We've pretty clear evidence from our website and from market research what it is that interests most people at this stage about London 2012.

And it is - with an appropriate fanfare - the Olympic torch relay.

On Monday, as we published details of the Torch's route across the UK, there were more than 2m views of that information on bbc.co.uk.

This ties in with the research that shows it's the thing more people want to try to see than anything else, which is perfectly logical given that the flame will travel all around the country and could even be coming along your street.

So here at the BBC we're taking the Torch relay seriously.

It's a chance to share the Olympics across the whole of the United Kingdom, and if it works it should do two things - help everyone feel part of London 2012, but also celebrate the communities of our islands as they have their moment in the spotlight.

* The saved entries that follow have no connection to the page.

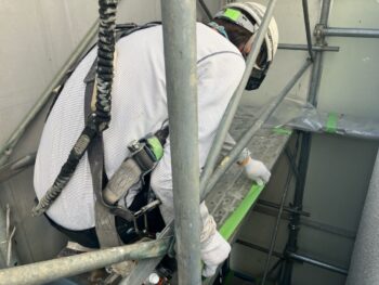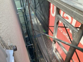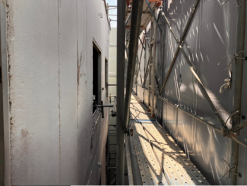 今回、ご紹介する内容はレベル3扱いの建材(外壁面に吹付け塗装した塗装材に石綿が含有)ではあるのですが、飛散性としては作業の進め方によっては高まる為、レベル1の作業要領を活用しながら進めました。
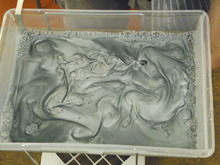 冨岡が可視化液体の作り方を伝授、いろいろな流れを体験しました。
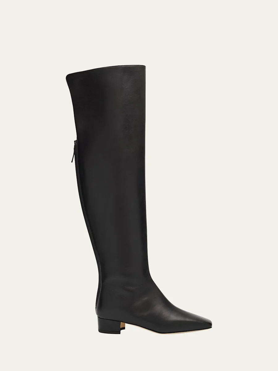Manolo Blahnik "Penelope" knee high boots in soft calf leather for sleek styling 1.25 in / 30 mm low block heel Square toe Back zip closure Goat leather lining Leather outsole Made in Italy Online Inquiries: BGS21_X6ZEK| Store Inquiries: #5070372
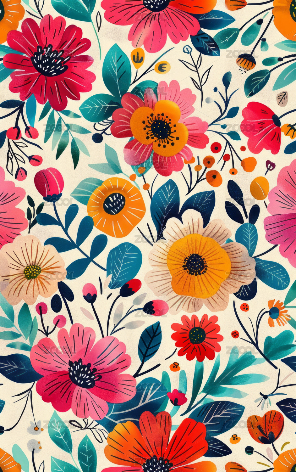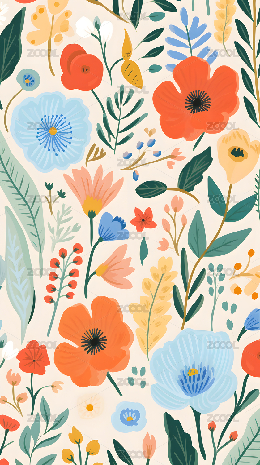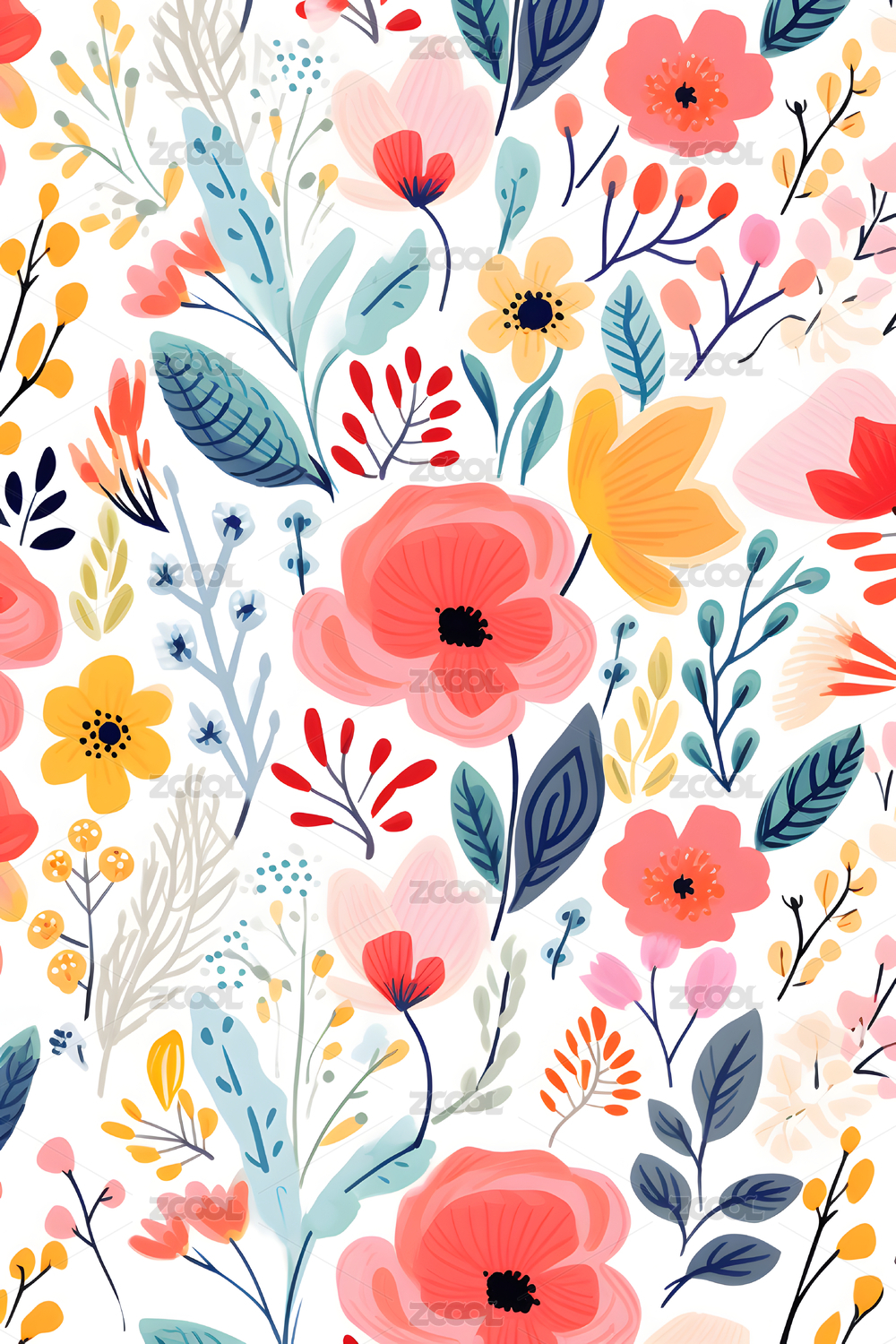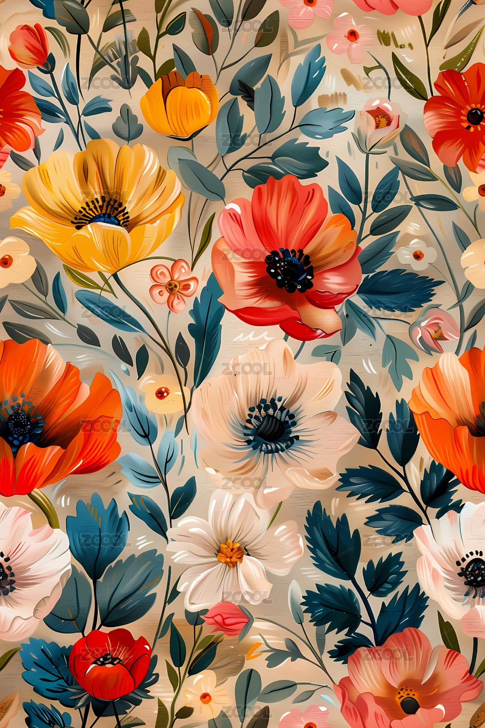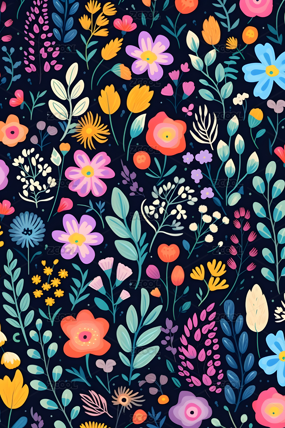 数码复古彩色梦幻花朵装饰抽象海报背景
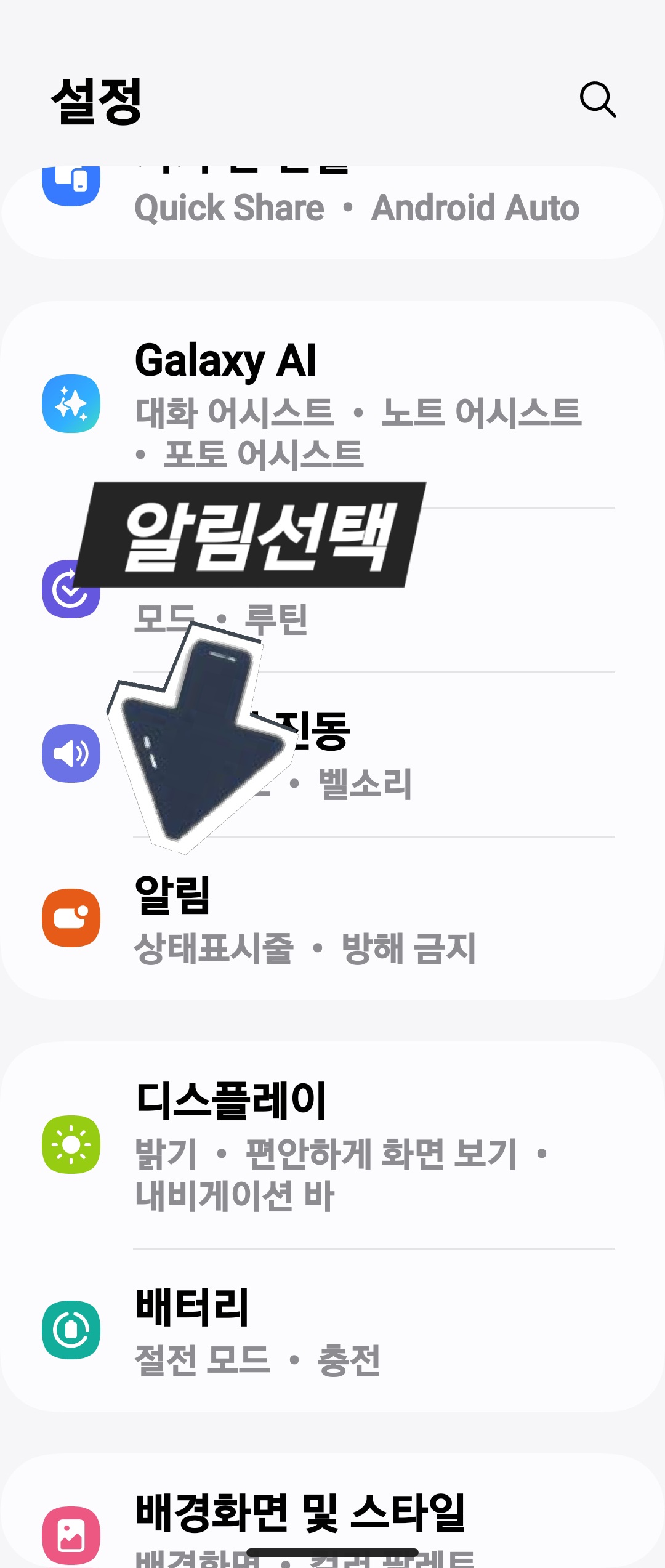 - 설정 화면에서 '알림' 항목을 찾아 터치합니다.

We'll disclose our network coverage plans nearer the time. Today, though, we're announcing a range of programming across the BBC's Nations and Regions - which will mean audiences will have unrivalled access to the Olympic torch story when it's in their area.

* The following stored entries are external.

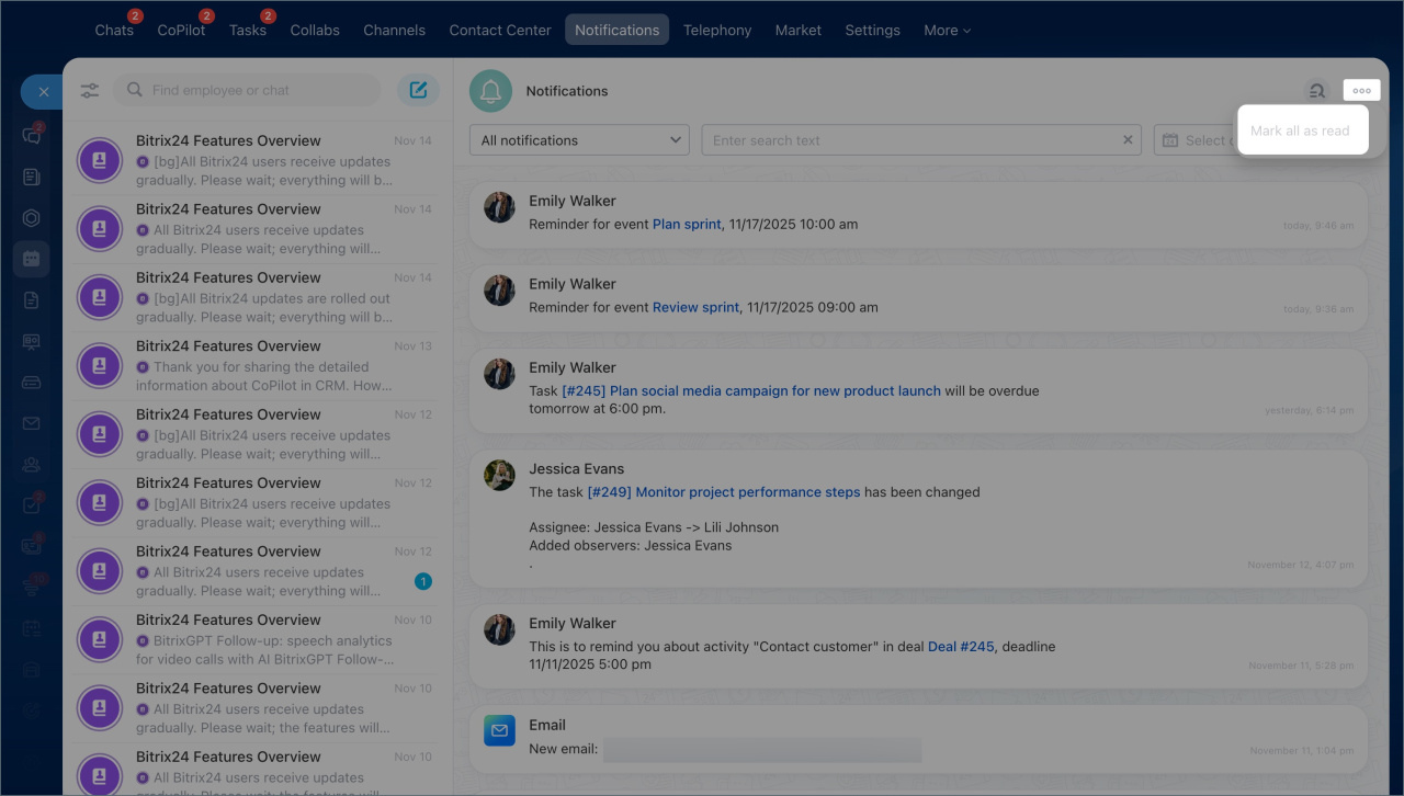 Mark all notifications as read. If you don't want to review each notification, mark them all at once. This is convenient when you handle events directly in Bitrix24 tools.
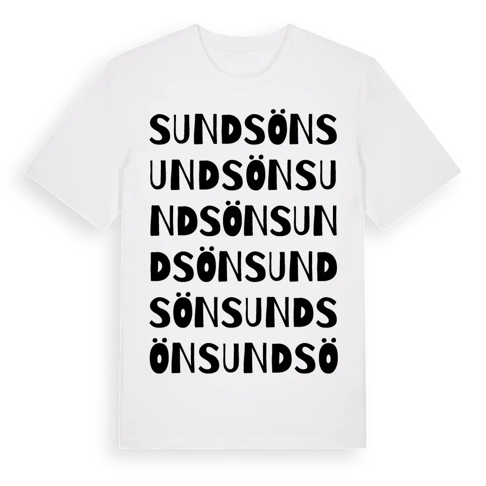 Sundsön ordlek t-shirt är inspirerad av Sundsön i Gävleborgs län, Sverige. Tröjan är designad för dig som har en speciell koppling till platsen – oavsett om du bor här, har rötterna här eller bara älskar Sundsön.
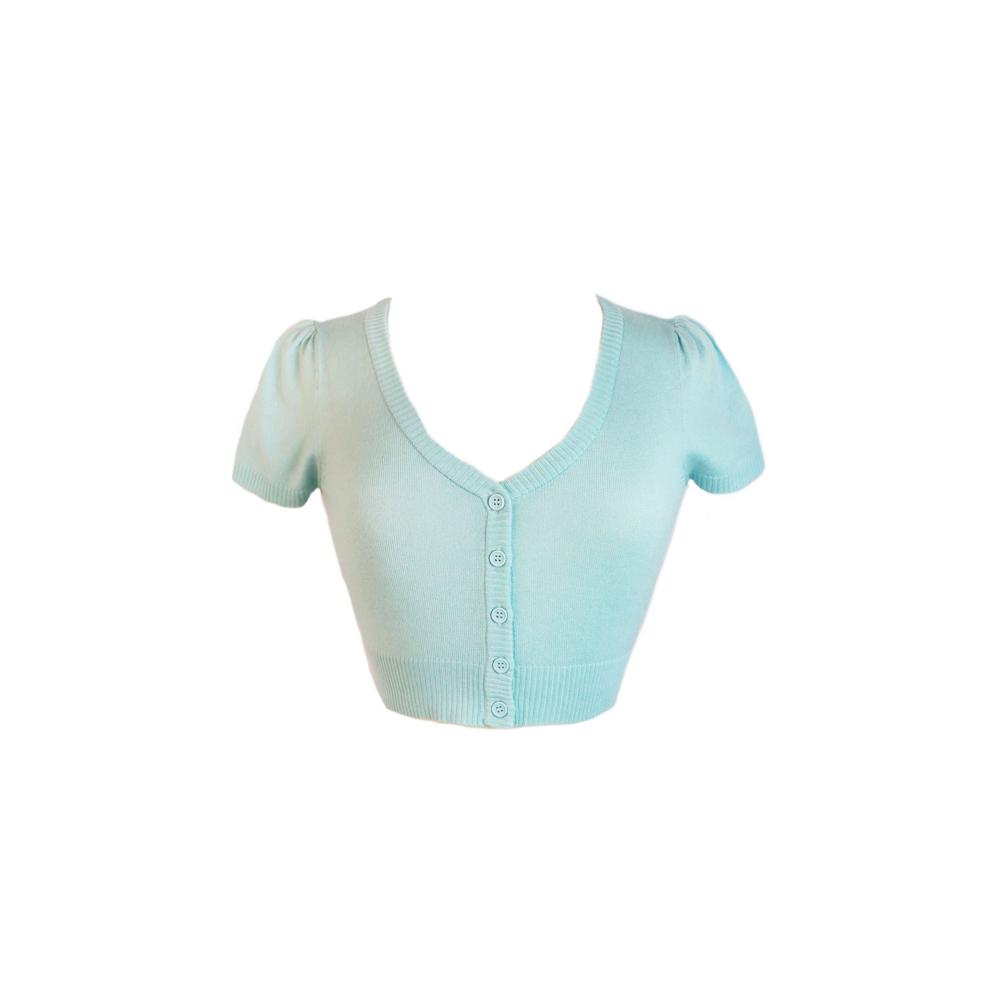 Cropped Cardi with Cap Sleeves - Ice Blue

Each of the BBC's Nations and Regions will transmit a special extended version of their flagship News programmes when the flame is in their patch. This means they will be on air from 6.30 to 7.30, replacing The One Show for just one night. The plan looks like this:

22 May Olympic Torch Live: West, Bristol
24 May Olympic Torch Live: West Midlands, Worcester
25 May Olympic Torch Live: Wales, Cardiff
1 June Olympic Torch Live: North West, Liverpool
6 June Olympic Torch Live: Northern Ireland, Belfast
13 June Olympic Torch Live: Scotland, Edinburgh
15 June Olympic Torch Live: North East, Newcastle
18 June Olympic Torch Live: East Yorks and Lincs, Hull
25 June Olympic Torch Live: Look North (Yorks), Sheffield
29 June Olympic Torch Live: East Midlands, Derby
3 July Olympic Torch Live: East, Peterborough
12 July Olympic Torch Live: South West, Weymouth
13 July Olympic Torch Live: South, Bournemouth
18 July Olympic Torch Live: South East, Dover

The shows will be live from the evening celebration events in our major towns and cities and we're confident they'll be a popular addition to the schedule. But if for some reason you'd rather stay with the network schedule, you'll be able to on satellite and cable providers or by tuning to BBC One HD.

This will be supplemented by radio - by the national stations Radio Ulster, Radio Scotland, Radio Wales and Radio Cymru, and by local radio across the English regions.

Most typically the flagship output will be at breakfast time as the Torch is starting its journey, but you'll be able to keep in touch all day while the torchbearers and convoys are wending their way across the countryside.

On the evidence of previous host countries, it's when the flame makes its appearance that the public realise the Games are really, finally about to begin.

The UK looks like it's already spotted that, so we'll do our best to live up to those expectations locally and regionally as well as nationally and internationally.

Comments

  • Comment number 1.

    I know I posted this on your blog entry, but thought I'd post here too in case you'd moved on and only monitored comments on your most recent entry...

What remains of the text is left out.